Step 3: Action. During conflict, it’s natural to react to the situation. But by using the first two steps – pause and reflect – we allow ourselves a chance to regain control over our impulses and become more self-aware. Now that we have paused, regained control over our words and actions and examined our perspective and those of others, the next step in overcoming conflict is action.

We are now ready to take specific action towards a specific outcome we desire. We may only have one choice of action that we can take, but more often than not, we actually have a variety of action steps that we could take to lead to the desired outcome. Having choice and options empowers us to overcome conflict in a way that we would not have without first pausing and reflecting.
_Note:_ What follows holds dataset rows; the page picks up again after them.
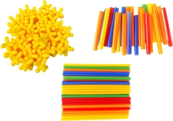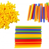 Pálcikák és szívószálak építőkészlet lehetővé teszi különböző építmények és térbeli szerkezetek létrehozását. A csomag műanyag szívószálakat és kötőelemeket tartalmaz, amelyeket úgy terveztek, hogy minden felhasználónak megfeleljen.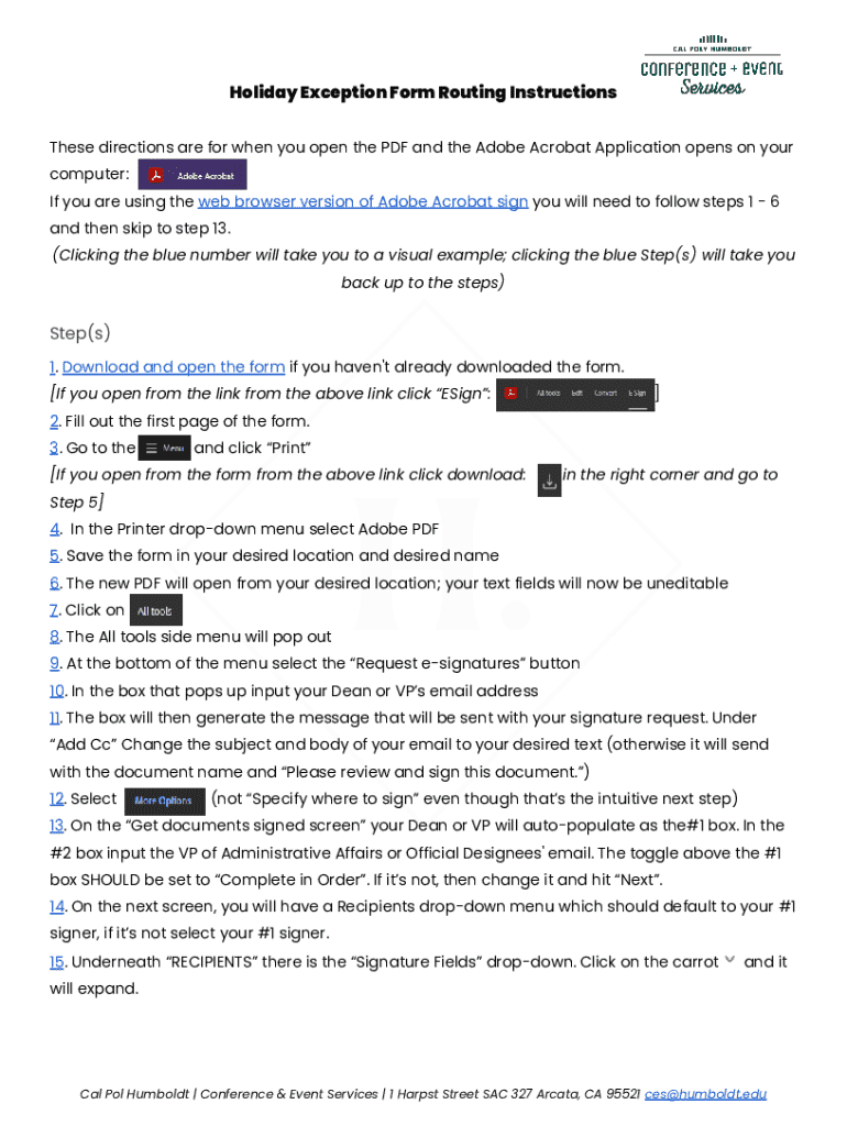 Detailed instructions for routing the Holiday Exception Form using Adobe Acrobat, ensuring proper e-signature and submission processes in 2023.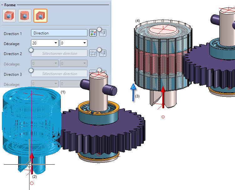 Les différentes options vous seront expliquées à l'aide de l'illustration suivante. On souhaite ici envelopper l'ensemble de gauche (Ensemble pignon).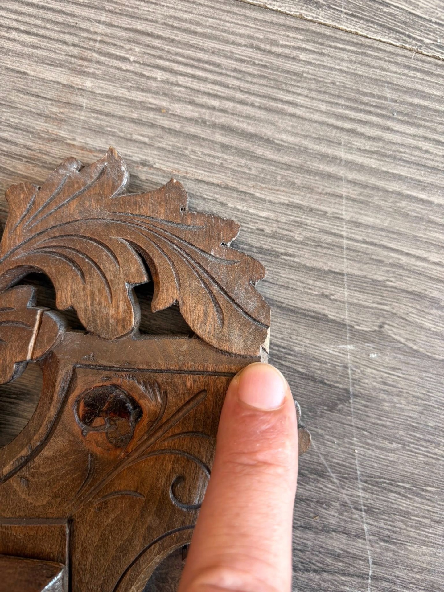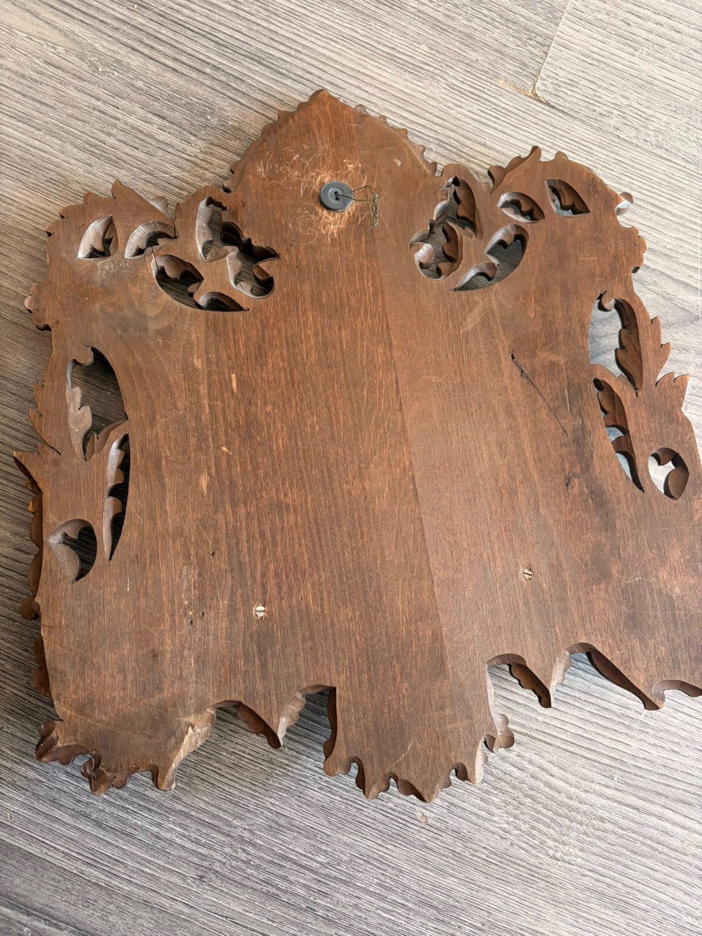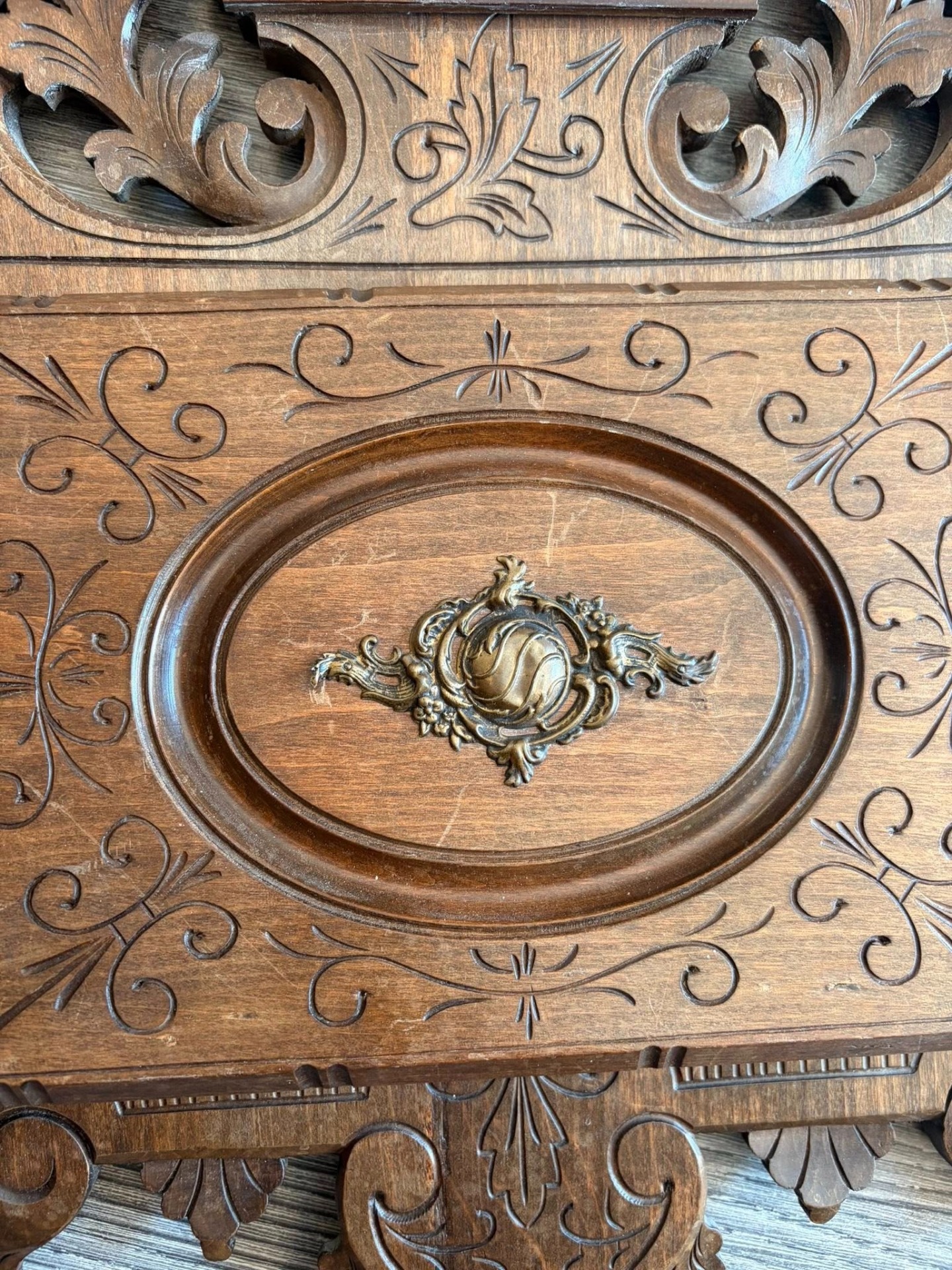 600 lei — Suport de scrisori victorian din lemn sculptat manual, cu detalii florale și ornament central din bronz. Piesă elegantă, realizată din lemn masiv, ideală

Step 4: You. You can’t control someone else’s actions. To be successful, it’s important to hold the reins of our own personal achievement. The outcomes you set are for you and controlled by you. No one else is responsible for the success or lack of it.

We all will encounter conflict. The next time you experience conflict, remember to PRAY (Pause, Reflect, Action and You) to grow, develop and challenge what you believe to be true. Of course, we are not perfect. We still may do something that we later regret, look only at our needs and use excuses not to take action. However, be quick to apologize and forgive and to move past with a resolution to understand and to be understood.

Early on during conflict, I was quite sure that I was right until I took the time to think about how I thought, and realized that I wasn’t. I could hold on to my values or use the conflict to grow into something better. I choose to grow. And I hope you will choose to grow as well.